Rasgo discutible o incompatible con el sentido común que caracteriza al perfecto idiota de izquierdas es, según Narbona, que simpatiza con los movimientos separatistas; les compra que provienen de naciones oprimidas por el Estado español y que es legítimo su anhelo de secesión y justificables la sedición y la insurgencia. Y admite todo esto incluso en el caso de todo punto injustificable de los asesinos de ETA.

Lo cierto es, sin embargo, que el nacionalismo es siempre reaccionario y regresivo, y el sueño que propugna es crear un espacio de exclusión basado en el idioma y la raza. El perfecto idiota de izquierdas no debe confundir el hecho de que los separatistas apoyen a un gobierno de izquierdas con el dato de que compartan una ideología similar y, en consecuencia, hay que simpatizar ideológicamente con ellos.

El perfecto idiota de izquierdas es también, señala Narbona, rabiosamente antiespañol. Siente una aversión incurable hacia un país que ha aportado a la Historia de la Humanidad, entre otros grandes logros, el Descubrimiento de América y un idioma en el que se expresan seiscientos millones de personas.

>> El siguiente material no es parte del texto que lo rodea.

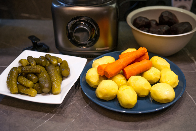 Для проверки насадки, режущей кубиками, мы подготовили вареные картофель, морковь и свеклу, маринованные огурцы и секундомер. Овощи не пришлось нарезать, среднего размера корнеплоды легко проходили в горловину, поэтому мы просто включили максимальную скорость и закидывали продукты внутрь один за другим.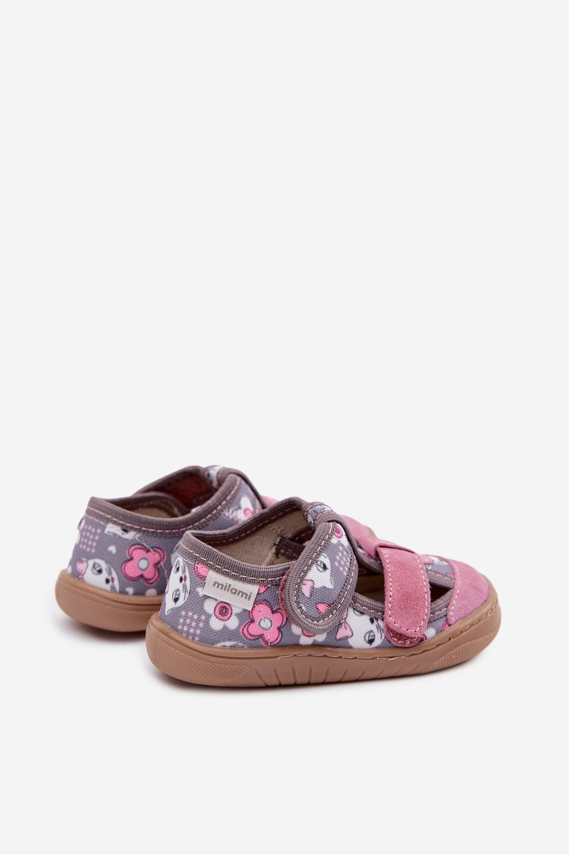 Milami pelēki-rozā bērnu basu čības ar kaķīšiem un ziediem Lumi
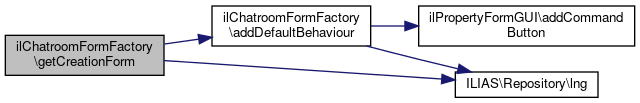 Here is the call graph for this function:| ilChatroomFormFactory::getCreationForm | ( | ) |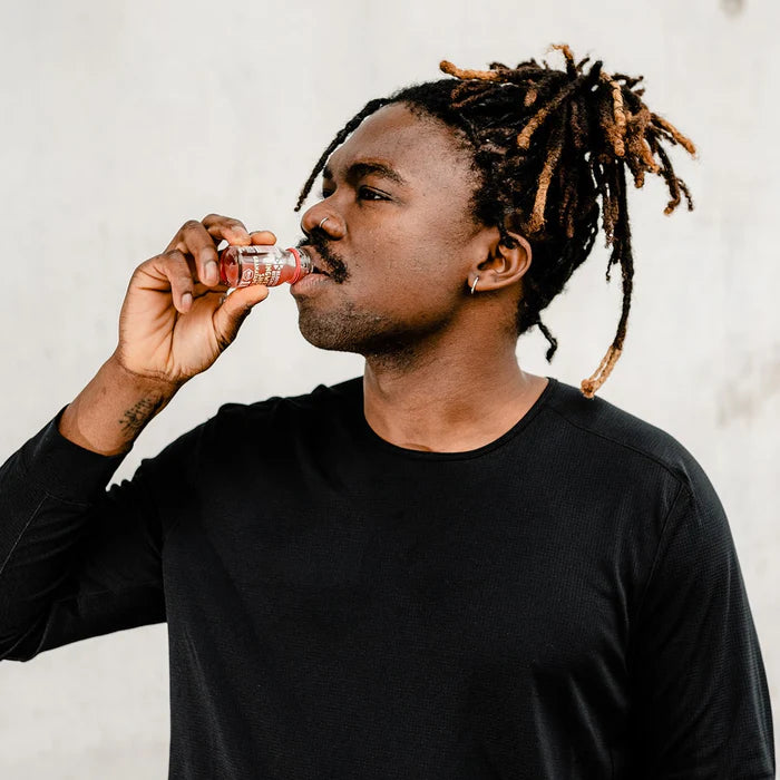 La différence est simple : alors que d'autres mélangent n'importe quel jus avec un peu de concentré de gingembre, nous embouteillons nos shots de gingembre avec de vrais morceaux. Ceux-ci offrent non seulement une saveur exceptionnellement délicieuse et intense, mais aussi une expérience de dégustation tangible.

A lo señalado por Narbona, yo agregaría, como rasgos más recientes de los perfectos idiotas de izquierdas, que se consideran “progresistas”. Aunque bien miradas las cosas es difícil dárselas de progresista y, por ejemplo, rebajar constantemente las exigencias en educación haciendo que cada vez sea de peor calidad. El perfecto idiota de izquierdas se califica, en segundo lugar, como “feminista”. Pero no sabe si quedarse en el punto de luchar contra la desigualdad propugnando la igualdad real de oportunidades entre hombre y mujer; o abrazar el feminismo radical que considera al hombre enemigo de la mujer por el solo hecho de serlo y que hace uso de un lenguaje inclusivo extremo. Y, finalmente, el perfecto progresista de izquierdas es tan prepotente que está convencido de que es superior moralmente a todos los demás, con los que prefiere no tener el más mínimo roce no vaya a ser que lo infecten de la nefasta enfermedad de la inferioridad moral.

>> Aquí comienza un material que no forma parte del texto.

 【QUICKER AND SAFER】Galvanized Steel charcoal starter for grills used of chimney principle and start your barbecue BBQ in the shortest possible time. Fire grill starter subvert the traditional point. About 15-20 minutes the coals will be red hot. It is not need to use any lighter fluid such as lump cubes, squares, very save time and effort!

Pero, como no podía ser de otro modo, también hay perfectos idiotas de derechas. Según Narbona, se caracterizan porque intentan blanquear el franquismo, alimentan el miedo contra la inmigración, apenas logran ocultar su homofobia, y minimizan la violencia contra las mujeres. Además, suelen tener afición a las armas, son reacios a las políticas sociales, les producen malestar los gestos de solidaridad, y piden sin tregua el restablecimiento de la pena de muerte. A estas características creo que cabría añadir que muchos no son demócratas o que si lo son les asalta bastantes veces la duda de si es acertado un sistema en el que cada ciudadano tiene un voto cuando es así que hay unos ciudadanos —como ellos— que están mucho más preparados que otros.

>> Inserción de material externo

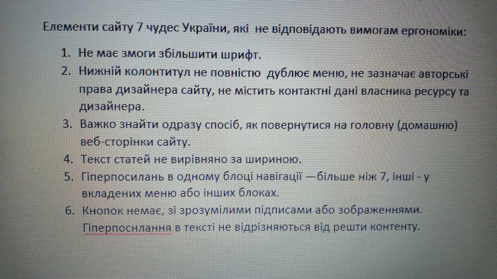 перегляньте сайт 7 чудес україни запишіть у зошит які елементи сайту відповідають вимоги ергономіки а які ні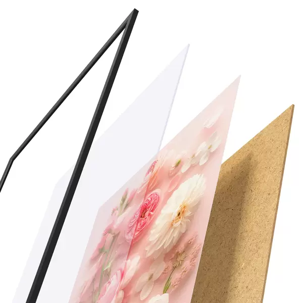 Il poster è composto da cornice, plexiglass, immagine stampata e supporto in truciolato. Il poster può essere immediatamente appeso alla parete grazie ai supporti sul retro.

Visto que todos esos rasgos que tipifican a los perfectos idiotas de un lado y del otro se basan en postulados muy discutibles o incompatibles con el sentido común, ¿no podrían corregir sus respectivos defectos y organizar la convivencia en torno a lo mucho que los une? Creo que nos iría mucho mejor si abandonamos estereotipos asentados en falsos dogmas y tratamos de ver en el adversario político simplemente un discrepante con el que se puede hablar, y no un enemigo al que hay que combatir ferozmente y sin tregua.